The managers earlier were directing the employees rather than instructing them. They were
just issuing the directions to them and wanted the work assigned to them completed by
hook or crook.
Another thing prevalent earlier was that the managers didn’t have trust in their employees
and they use to micromanage each and everything. Due to which they were hesitant in
delegating their work to their subordinates.
Moreover, they used to needlessly monitor other people’s work. This tendency of
traditional managers restricted the employees’ ability to develop their thinking and decision
making which is one of the most important thing needed to help organisations to remain
competitive.
The traditional managers believed that they didn’t need the aide of anyone and they use to
make all the decisions by themselves without including the employees in the same.

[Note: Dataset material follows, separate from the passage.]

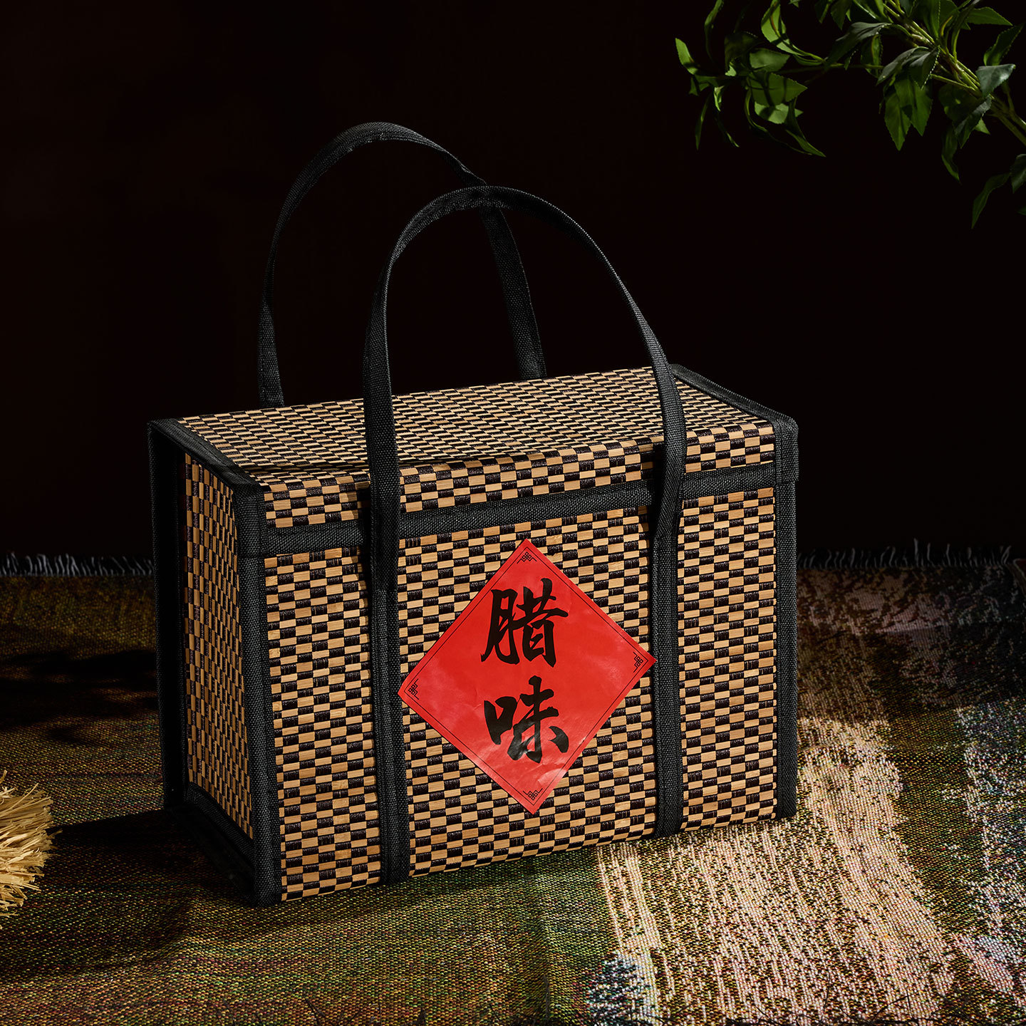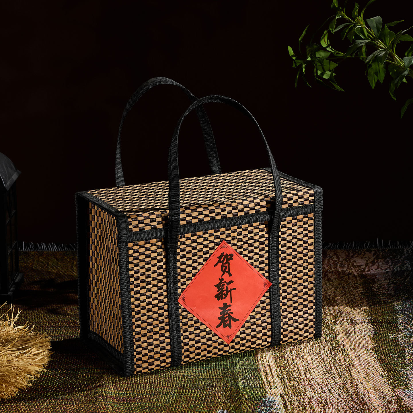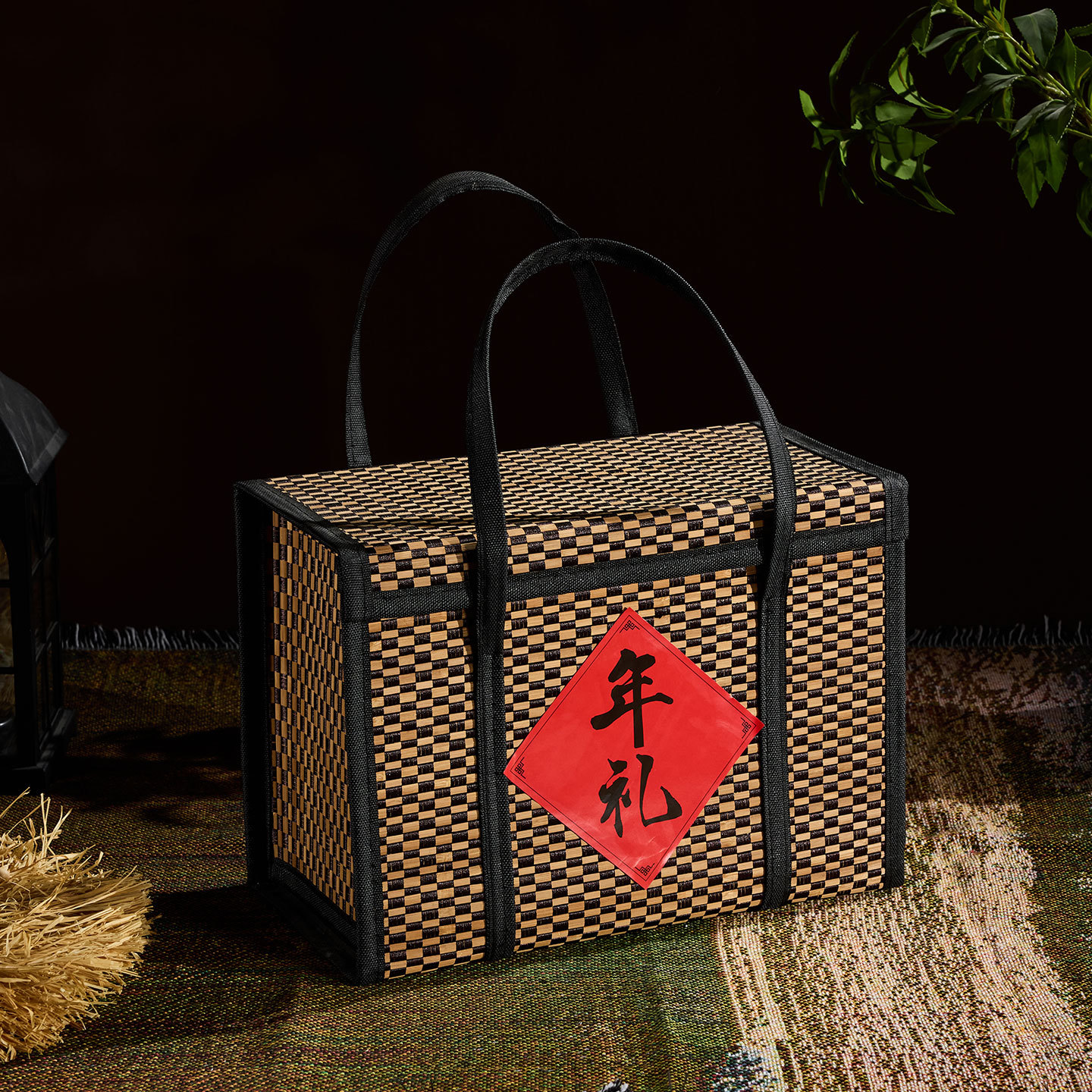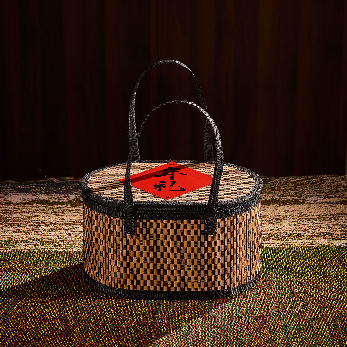 Бамбуковая корзина Ручная корзина Ручная рисовая колбаса, бекон, лунный пирог, крабовый новогодний продукт, фрукты, специальные продукты, складная бамбуковая коробка, упаковка

The managers at that time were just focusing and applying what they already knew. They
were implementing the same techniques in different situations. They were not open to
think beyond their knowledge and introduce some innovative methods to tackle the
complex situations.
They thought solving a problem is a substitute for growing a business. Their job was just to
put out the fire rather than finding better ways to operate the firm by challenging people to
discover new and better ways to grow.
The thinking of the manager matters a lot. Earlier his thinking was more of an employer
rather than that of an entrepreneur. Not thinking like an entrepreneur simply means
narrowing down the perception.
The traditional managers are well known for their rigidity. They never supported change
rather they used to resist changes in the organisation.